• _HOW TO COMPLETE THIS TASK_: Leave the pictures out, and repeat exactly every line from the one with "Handcrafted in Verona, the" through the end of the data below.

• _INPUT FOR THIS TASK_:
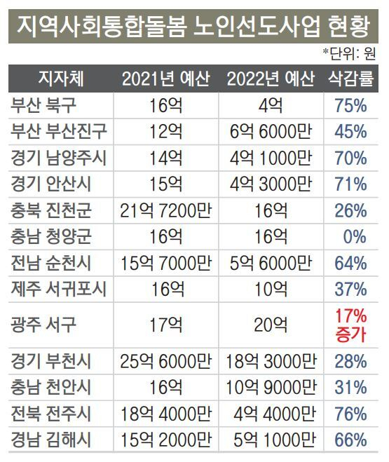 20일 〈부산일보〉가 지역사회통합돌봄 노인 선도사업에 참여한 전국 13개 지자체를 대상으로 통합돌봄 현황을 확인한 결과, 광주 서구와 충남 청양군을 제외한 11개 지자체에서 통합돌봄 사업이 대폭 축소됐다. 예산이 줄면서 부산 북구, 부산진구, 전북 전주시 등에서 진행하던 7개 사업이 중단됐고, 그 외 지자체에서도 진행 사업 일부를 폐지했다.
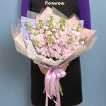маттиола нежно розовая – 11 шт.Упаковка дизайнерская – 2 шт.Лента атласная – 2 шт.
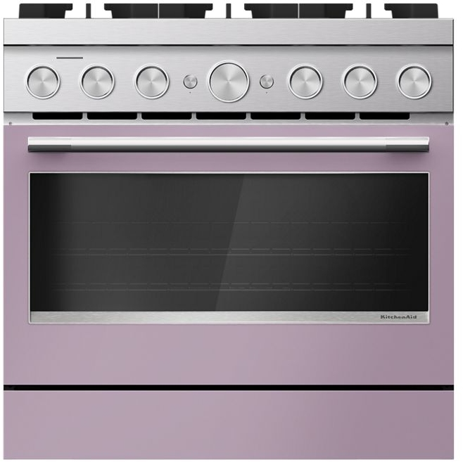 Expand your skills with a 36-inch KitchenAid® commercial style range with 6 burners. This dual fuel range combines a gas cooktop with the even baking of an electric oven. Two 20,000 BTU ultra power™ dual-flame burners offer the power and precision to successfully sear, simmer, stir-fry and sauté.Read More
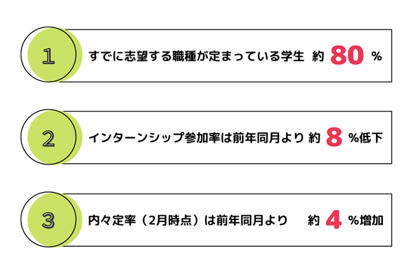 3年生の12月時点で内々定を獲得している割合は、昨年同月より約4%増加し、約13%だった。
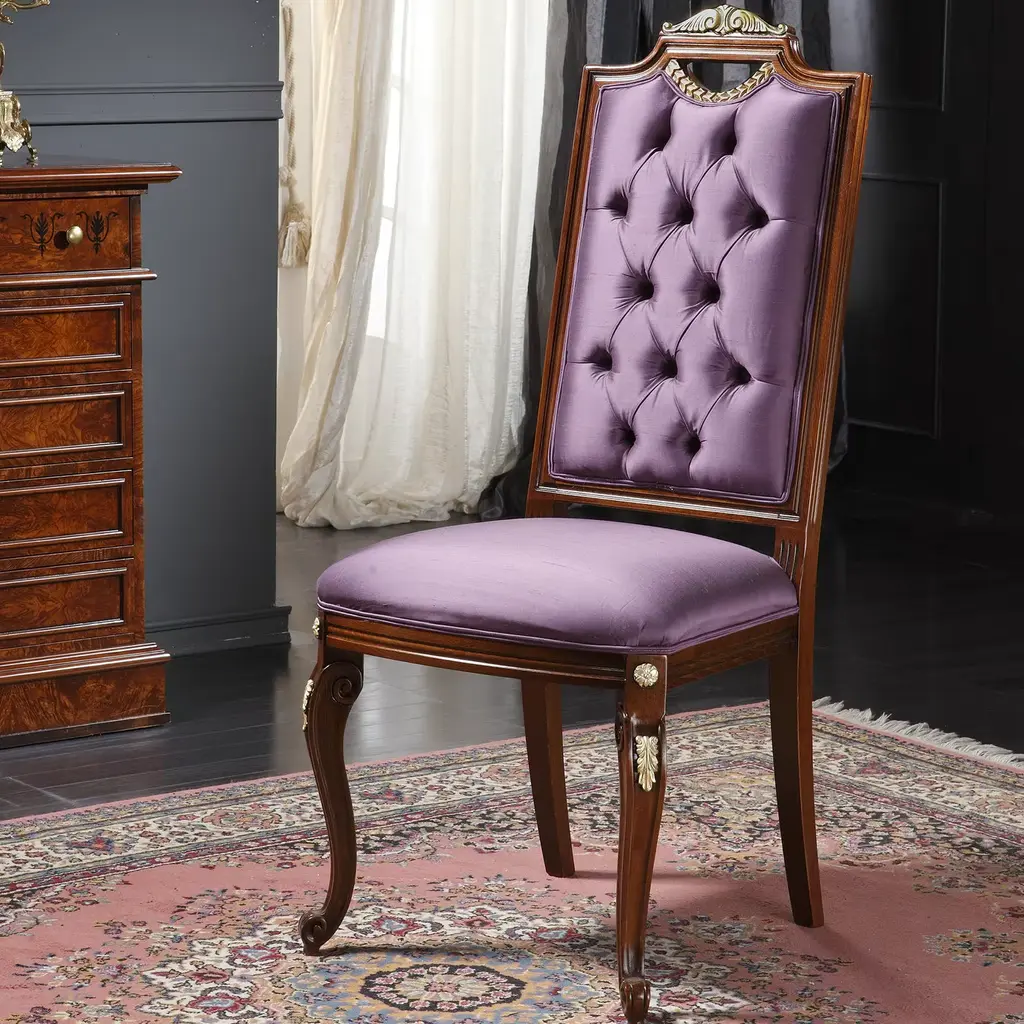 Handcrafted in Verona, the heart of traditional Italian furniture production, the Impero Armchair embodies centuries of tradition, making it a seamless addition to a regal space. On a solid beechwood frame, the armchair with imperial inspiration is completed with gold leaf detailing. The chair is padded, upholstered and completed with Chesterfield button work.
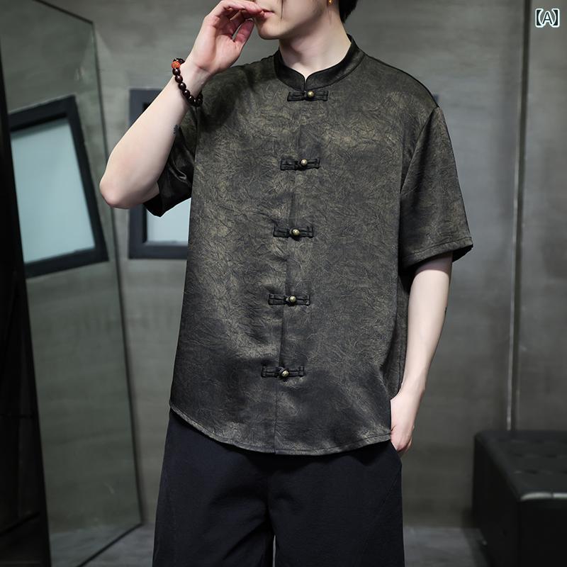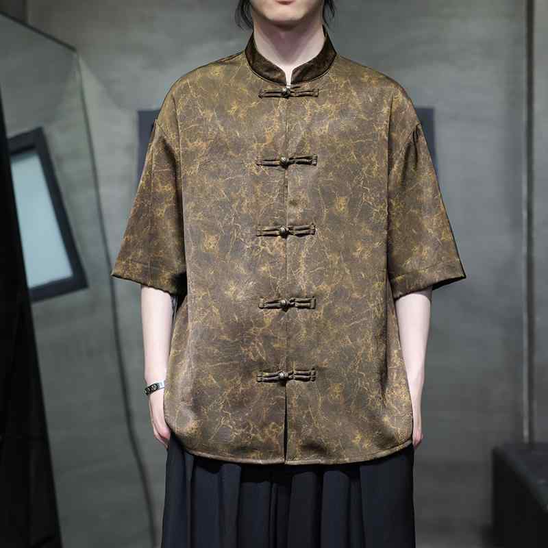 メンズ カンフー服 トップス シャツ チャイナ風 レトロ 文学 アセテート ブロンズ 唐 スーツ 半袖 中国 瞑想 ボタン

• _TASK OUTPUT_:
 Handcrafted in Verona, the heart of traditional Italian furniture production, the Impero Armchair embodies centuries of tradition, making it a seamless addition to a regal space. On a solid beechwood frame, the armchair with imperial inspiration is completed with gold leaf detailing. The chair is padded, upholstered and completed with Chesterfield button work.
 メンズ カンフー服 トップス シャツ チャイナ風 レトロ 文学 アセテート ブロンズ 唐 スーツ 半袖 中国 瞑想 ボタン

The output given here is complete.